Полчаса я бреду к горизонту, к странному белому пятну на далеком бугре. Хочется узнать, что за пятно, почему колышется, то застынет, то встрепенется.
Вскоре все становится обычным и понятным. Оказывается, расцвел большой куст таволги, весь покрылся душистыми цветами. На них — пир горой: все обсажены маленькими серыми пчелками-андренами. Сборщицы пыльцы и нектара очень заняты и очень торопятся. Кое-кто из них, заполнив свои корзиночки пыльцой, сверкает ярко-желтыми штанишками и, отягченный грузом, взмывает в воздух. По струйкам запаха прибывают все новые и новые посетительницы. Сколько их здесь! Наверное, несколько тысяч собралось отовсюду.
Ленивые черные мохнатые жуки-олёнки не спеша лакомятся пыльцой, запивают сладким нектаром. Порхают грациозные бабочки-голубянки. Юркие синие мухи блестят, как полированный металл. На самой верхушке уселся клоп-редувий. У него, завзятого хищника, другие намерения.
Куст тихо гудит тысячами крыльев. Здесь шумно, как на большом вокзале.

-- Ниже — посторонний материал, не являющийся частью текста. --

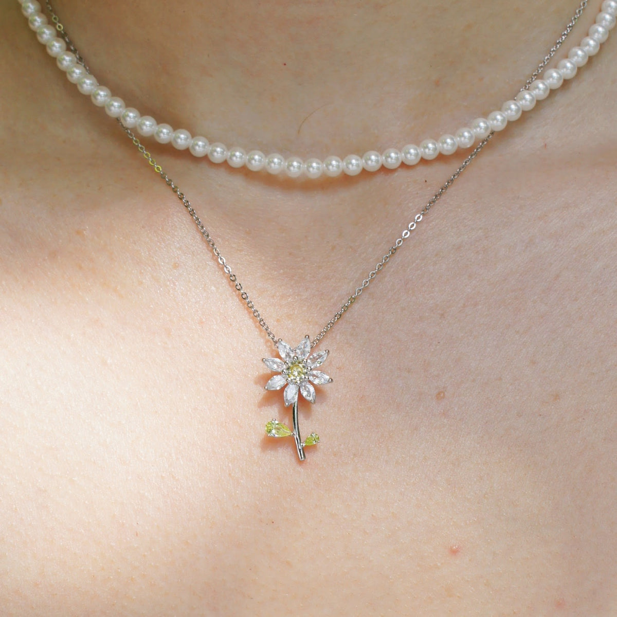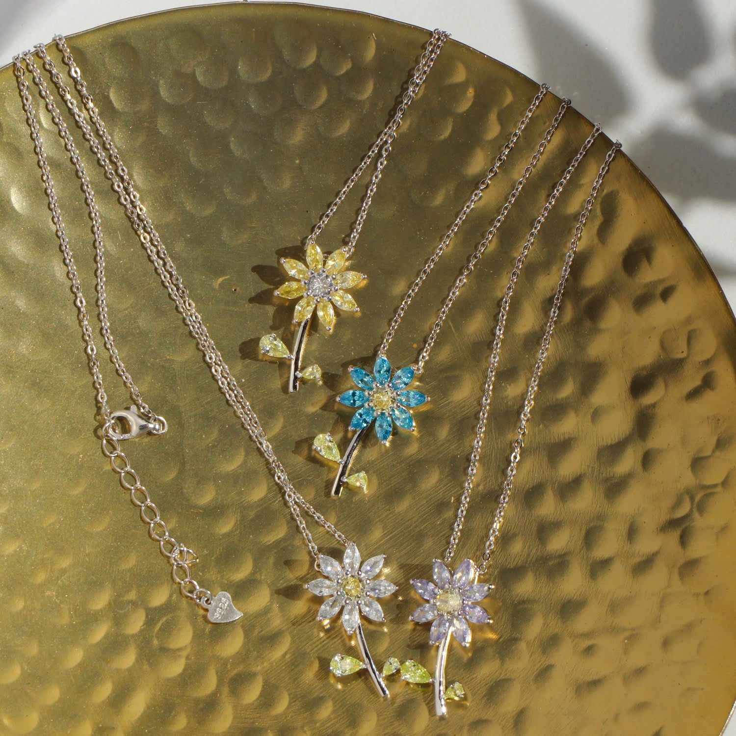 The Garden Tales Crystal Daisy Sterling Silver Pendant Necklace, Lilac by I'mmany London is a timeless and fresh accessory. This daisy pendant necklace, which is crafted in sterling silver and cz crystal, symbolizes innocence, new beginnings, and purity. The daisy is crafted in clear crystal with a shimmer effect and a yellow crystal center on a curved stem with crystal leaves.

И еще один необычный любитель цветов, самый настоящий комар-аэдес каспиус. Он выхаживает по цветам на длинных ходульных ногах и старательно запускает хоботок в чашечки с нектаром. Забавный комар! В дождливые весны пустыня плодит немало этих кровососов. Он не один, здесь лакомится масса комаров. Я рассматриваю их через лупу, вижу сверкающие зеленые глаза, роскошно, вычурно загнутые коленцем мохнатые усики и длинные, в завиточках щупики, слегка прикрывающие хоботок. Все комары-самцы — благородные вегетарианцы. Они, не в пример своим супругам, довольствуются одним живительным сиропом, припрятанным на дне крошечных цветов. Кто знает, быть может, когда-нибудь человек научится истреблять комаров, привлекая их на искусственные запахи цветов. А без мужской половины рода не смогут класть яички бесплодные самки-кусаки.
Вооружаюсь сачком и, пытаясь изловить комаров, ударяю им по ветке растения. Куст таволги внезапно преображается, над ним взлетает густой рой пчел, голубянок, мух, клопов, комаров. Многоголосый гул заглушает и пение жаворонков, и журавлиные крики…
Вспоминаю весну 1967 года. Она была затяжной. Потом неожиданно в конце апреля наступил изнуряющий летний зной. Насекомые быстро проснулись, а растения запоздали: они зависели еще и от почвы, а она прогревалась медленно. Странно выглядела пустыня в летнюю пору. Голая земля только начала зеленеть, ничто не цвело. И вдруг у самого берега Соленого озера клубочком засверкал куст гребенщика. Он светился на солнце, отражаясь в зеркальной воде, и был заметен далеко во все стороны. К нему, этому манящему пятну на уныло-светлом фоне пустыни, спешил и я, удрученный томительным однообразием спящей природы.